TINO SEHGAL: l’arte che non si vede

11.12.08 | Comment?

di Francesca Valentini

 Massimiliano Gioni - direttore artistico della Fondazione Nicola Trussardi - e Tino Sehgal alla Villa Reale. Foto di Marco De Scalzi

C’erano una volta un imperatore con la passione per gli abiti e c’erano una volta due abili tessitori che riuscirono, con lo scopo di confezionare un abito straordinario, a sottrargli sete finissime, fili d’oro e molto denaro. L’abito doveva avere un potere speciale: sarebbe stato invisibile dagli stupidi e da tutti coloro che ricoprivano cariche senza meritarle. I due sarti ladroni riuscirono a gabbare fino in fondo il sovrano, facendo finta di realizzare l’elegante abito - invisibile perché inesistente - e facendoglielo provare di tanto in tanto, certi che egli non avrebbe mai sollevato critiche o dubbi per paura di essere tacciato di stupidità. Il giorno della parata l’imperatore indossò la sua preziosa quanto inconsistente veste e sfilò per le vie della città davanti ai sudditi in visibilio per la sua sconfinata eleganza. Fu un bambino l’unico ad urlare a gran voce la nudità dell’imperatore.

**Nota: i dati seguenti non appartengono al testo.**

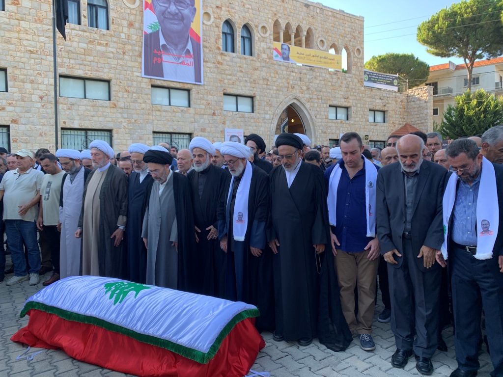 وحمل نعش الفقيد من منزله الى باحة مفرق الدوير -الشرقية حيث اقيمت مراسم تكريمية خاصة ، وحملت ثلة من الجيش اللبناني النعش وقد لف بالعلم اللبناني ، الى منصة اعدت للمناسبة ، وعزفت الفرقة الموسيقية التابعة للجيش اللبناني لحن الموت ، ثم أدث عناصر عسكرية التحية العسكرية للفقيد ، بعدها سار المشيعون في موكب باتجاه مجمع بر الوالدين في ساحة الدوير ، حيث استقبلت الجثمان عناصر من الجيش اللبناني ، وعلى وقع لحن الموتى الذي عزفت الفرقة الموسيقية في الجيش ، جرى تقديم التحية العسكرية بحضور النائب هاني قبيسي، الوزير والنائب السابق محمد فنيش، النائب السابق ناصر قنديل، رئيس المكتب السياسي في حركة امل جميل حايك وعضو هيئة الرئاسة خليل حمدان، العميد عبدالله حرب ممثلا قائد الجيش العماد جوزاف عون ، العميد احمد علي احمد ممثلا المدير العام لقوى الامن الداخلي اللواء عماد عثمان ، المقدم علي حلاوي ممثل المدير العام للامن العام اللواء الياس البيسري، المقدم حسين طباجة ممثلا المدير العام لامن الدولة اللواء طوني صليبا، رئيس مكتب مخابرات الجيش في النبطية العميد علي اسماعيل، مسؤول منطقة جبل عامل الثانية في حزب الله علي ضعون، مسؤول وحدة العلاقات الاعلامية المركزية في حزب الله محمد عفيف ، امين فرع حزب البعث العربي الاشتراكي في الجنوب احمد عاصي، وحشد من الشخصيات والقيادات العسكرية والامنية والاهلية .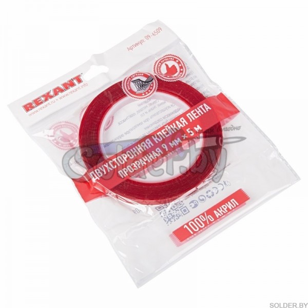 Двухсторонний скотч прозрачный 9мм 5м REXANT арт. 09-6509

Ricordiamo tutti il misto di stupore e divertimento, il sorrisetto che resta sulle labbra dopo aver letto o ascoltato la fiaba di Andersen Il vestito nuovo dell’imperatore.

Una mostra, a Milano, ci fa rivivere quei momenti. Fino al 14 dicembre 2008, Villa Belgiojoso Bonaparte (già Villa Reale) è invasa dall’opera di Tino Sehgal, trentaduenne artista berlinese alla sua prima grande personale in Italia. La Fondazione Nicola Trussardi tiene ineccepibilmente fede ai principi della sua mission, portando in un luogo magico e non sufficientemente conosciuto, l’opera di un grande interprete della contemporaneità, affinché si possa gratuitamente godere dell’opportunità di avvicinarsi all’arte di ieri e di oggi.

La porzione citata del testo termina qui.